I give a brief context:

Suppose that we have $N$ observations of $(Y, X_1, X_2)$.
Suppose that each $Y_i$ is Poisson distributed with the parameter $\lambda_{i}$. Our wish is to estimate the $E(Y_i|X_{i1}, X_{i2})$ which is equivalent to estimate $\lambda_{i}$ as $i:1 \to N$

Suppose we are fitting a GLM model (we call this fitted model) by assuming the relationship: $g(\mu_{i}) = \beta_1 X_1 + \beta_2 X_2$ $(1)$
We estimates $\beta_1, \beta_2$ by using maximum likelihood estimation, then we replace back $\beta_1, \beta_2$ into the function $(1)$ to have the estimation of $\mu$.

Consider another type of model: the saturated model.

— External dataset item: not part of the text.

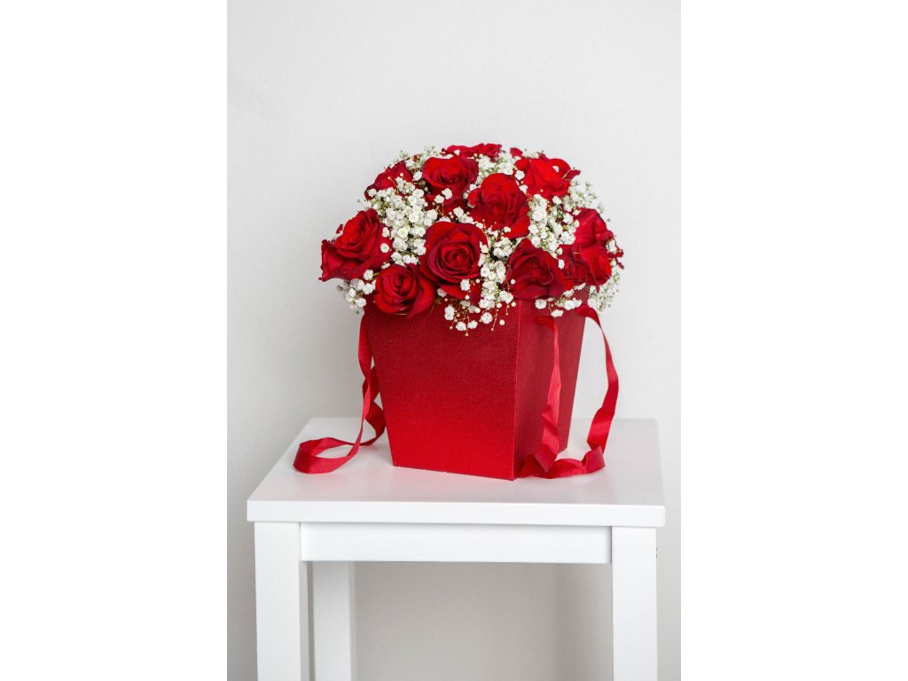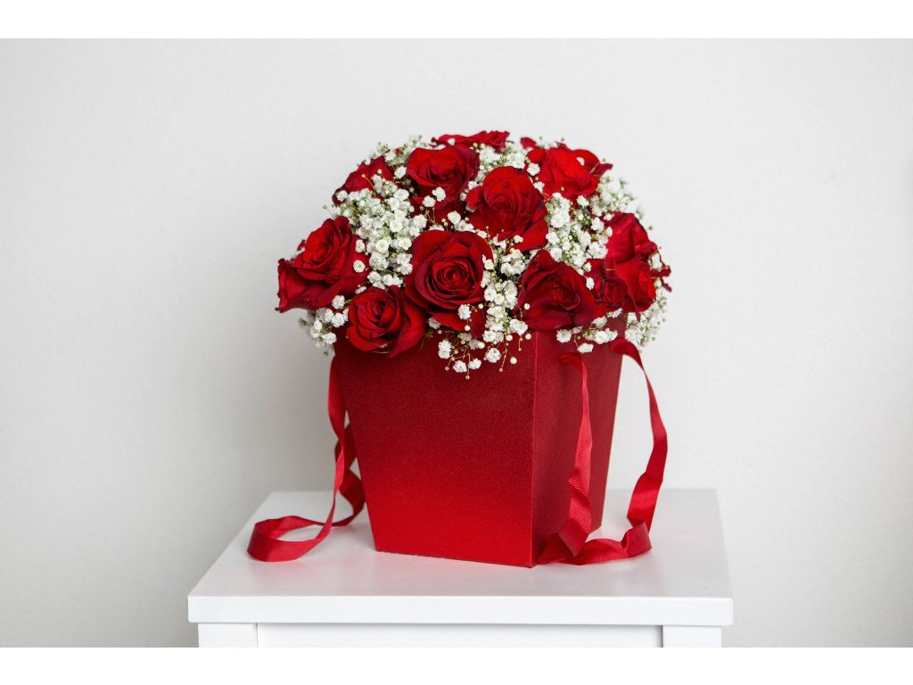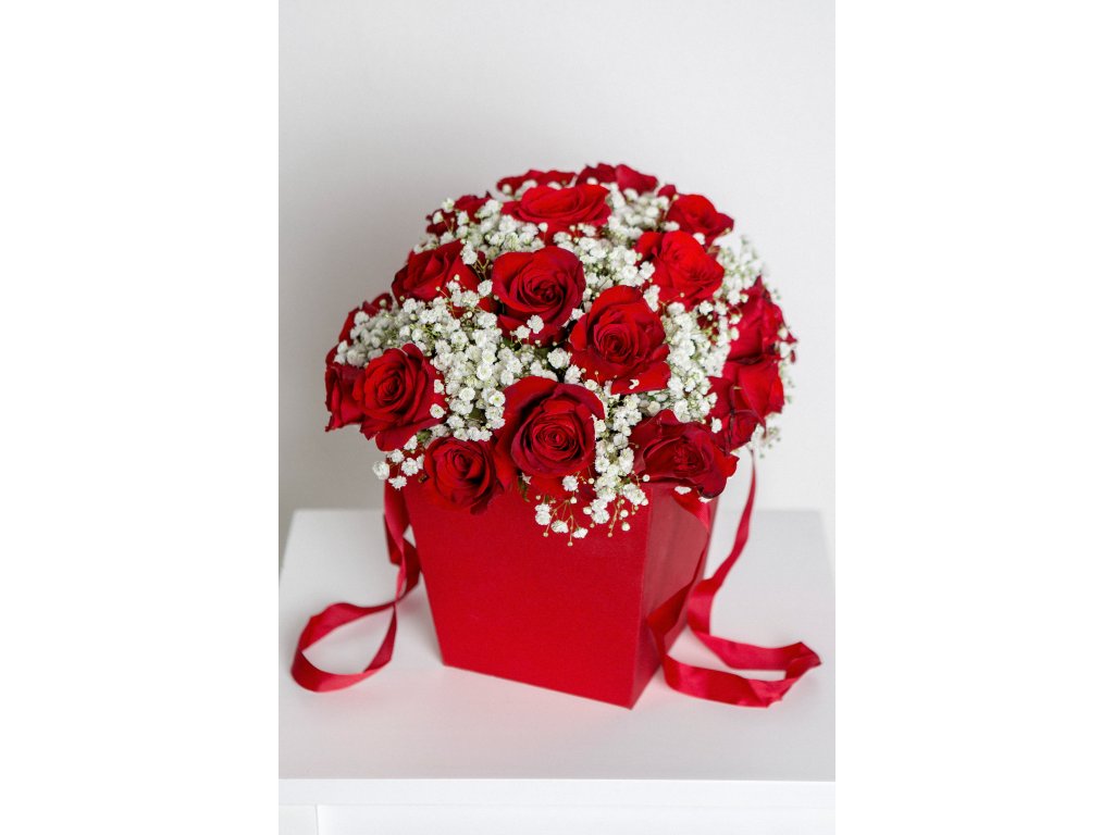 Flower box s červený s červenými růžemi a gypsophilou (Nevěstin závoj), rozměr boxu 17x17x18 cm + aranžované květiny.

It is defined to be the model that has as many parameters (which is $\mu$) as number of observations (which is $N$ in this example).

My understanding about the saturated model is as follows:

  1. There are $N$ parameters which are $\mu_1, \mu_2, ..., \mu_N$ to be estimated.
  2. The difference between saturated model and fitted model is that in the saturated model, we estimate the $\mu_1, \mu_2, .., \mu_N$ whereas in the fitted model, we estimate the $\beta_1, \beta_2$

I have 2 questions please:

  1. I see that in the fitted model, there are also $N$ parameters $\mu_1, \mu_2, ..., \mu_N$ to be estimated (as we have $N$ observations $Y_1, Y_2, ..., Y_N$ where each $Y_i$ has its own $\mu_i$, and we estimate these $\mu_i$ by first estimating the coefficients $\beta_1, \beta_2$ and replace back into the link function).
    So why we define the saturated model to be "the model that has as many parameter as number of observation" where it is also the case of usual fitted model ?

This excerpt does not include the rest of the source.